Lines with "avec": please show every one of them from the listing below.

Exercise materials →

--- START ---

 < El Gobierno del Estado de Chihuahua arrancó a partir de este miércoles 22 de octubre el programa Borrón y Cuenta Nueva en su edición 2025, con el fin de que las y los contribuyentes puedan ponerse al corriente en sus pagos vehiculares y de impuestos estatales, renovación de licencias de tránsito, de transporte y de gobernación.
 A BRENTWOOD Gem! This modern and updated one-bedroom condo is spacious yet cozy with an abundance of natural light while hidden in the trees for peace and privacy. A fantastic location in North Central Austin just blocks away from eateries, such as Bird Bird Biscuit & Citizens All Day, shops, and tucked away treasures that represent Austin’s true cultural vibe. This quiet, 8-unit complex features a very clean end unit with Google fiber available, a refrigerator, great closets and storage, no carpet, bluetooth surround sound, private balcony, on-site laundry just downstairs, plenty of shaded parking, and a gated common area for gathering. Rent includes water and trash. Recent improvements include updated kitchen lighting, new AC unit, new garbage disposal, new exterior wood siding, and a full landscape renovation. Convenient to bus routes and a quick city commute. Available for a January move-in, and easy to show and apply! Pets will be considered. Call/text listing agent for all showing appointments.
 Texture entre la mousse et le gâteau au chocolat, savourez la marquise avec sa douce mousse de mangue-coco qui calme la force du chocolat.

--- END ---
--- START ---

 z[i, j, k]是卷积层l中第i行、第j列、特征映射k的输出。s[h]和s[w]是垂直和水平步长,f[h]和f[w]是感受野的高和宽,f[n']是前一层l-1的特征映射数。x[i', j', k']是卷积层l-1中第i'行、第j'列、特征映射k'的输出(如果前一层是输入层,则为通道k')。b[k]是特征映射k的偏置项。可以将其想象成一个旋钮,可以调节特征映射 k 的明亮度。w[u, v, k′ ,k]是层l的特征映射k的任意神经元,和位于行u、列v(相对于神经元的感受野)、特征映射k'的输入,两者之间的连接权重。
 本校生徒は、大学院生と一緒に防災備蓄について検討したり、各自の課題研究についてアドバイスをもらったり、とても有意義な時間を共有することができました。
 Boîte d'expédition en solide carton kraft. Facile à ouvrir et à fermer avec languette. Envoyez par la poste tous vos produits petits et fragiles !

--- END ---
--- START ---

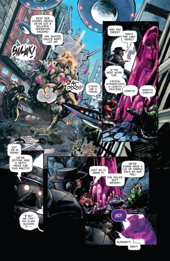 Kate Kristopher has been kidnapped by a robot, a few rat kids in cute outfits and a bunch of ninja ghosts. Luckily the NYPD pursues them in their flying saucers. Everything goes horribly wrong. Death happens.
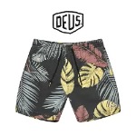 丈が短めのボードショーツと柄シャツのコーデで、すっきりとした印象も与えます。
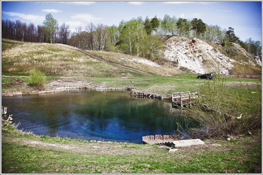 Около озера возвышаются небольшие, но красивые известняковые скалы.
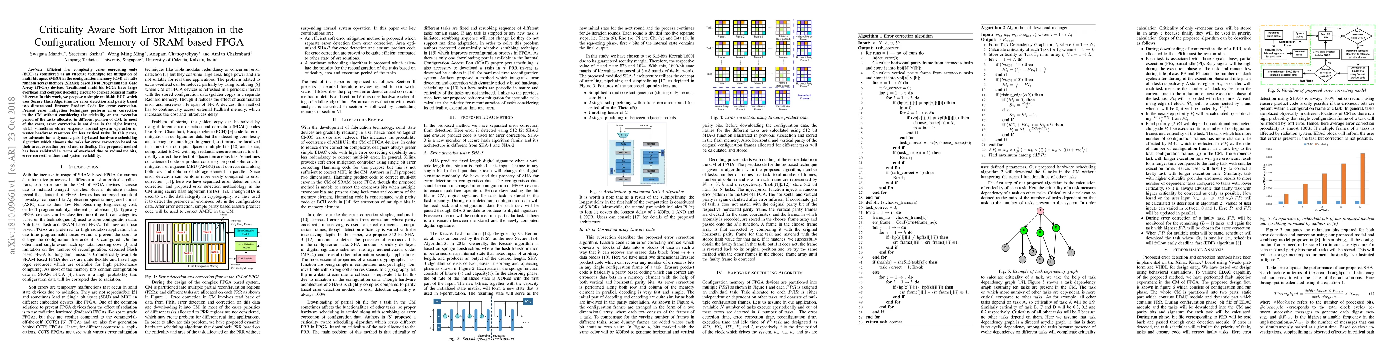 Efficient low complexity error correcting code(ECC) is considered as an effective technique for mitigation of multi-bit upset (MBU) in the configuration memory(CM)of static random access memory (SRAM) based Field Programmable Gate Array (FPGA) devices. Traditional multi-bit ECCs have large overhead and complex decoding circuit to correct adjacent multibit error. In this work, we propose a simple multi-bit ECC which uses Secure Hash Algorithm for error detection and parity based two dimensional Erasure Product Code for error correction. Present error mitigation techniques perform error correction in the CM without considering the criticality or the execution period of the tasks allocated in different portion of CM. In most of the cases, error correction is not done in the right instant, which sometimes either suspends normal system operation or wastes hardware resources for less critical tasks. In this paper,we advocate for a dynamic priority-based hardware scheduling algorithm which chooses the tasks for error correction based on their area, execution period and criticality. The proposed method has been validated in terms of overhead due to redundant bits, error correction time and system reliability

--- END ---

Your solution →
 Texture entre la mousse et le gâteau au chocolat, savourez la marquise avec sa douce mousse de mangue-coco qui calme la force du chocolat.
 Boîte d'expédition en solide carton kraft. Facile à ouvrir et à fermer avec languette. Envoyez par la poste tous vos produits petits et fragiles !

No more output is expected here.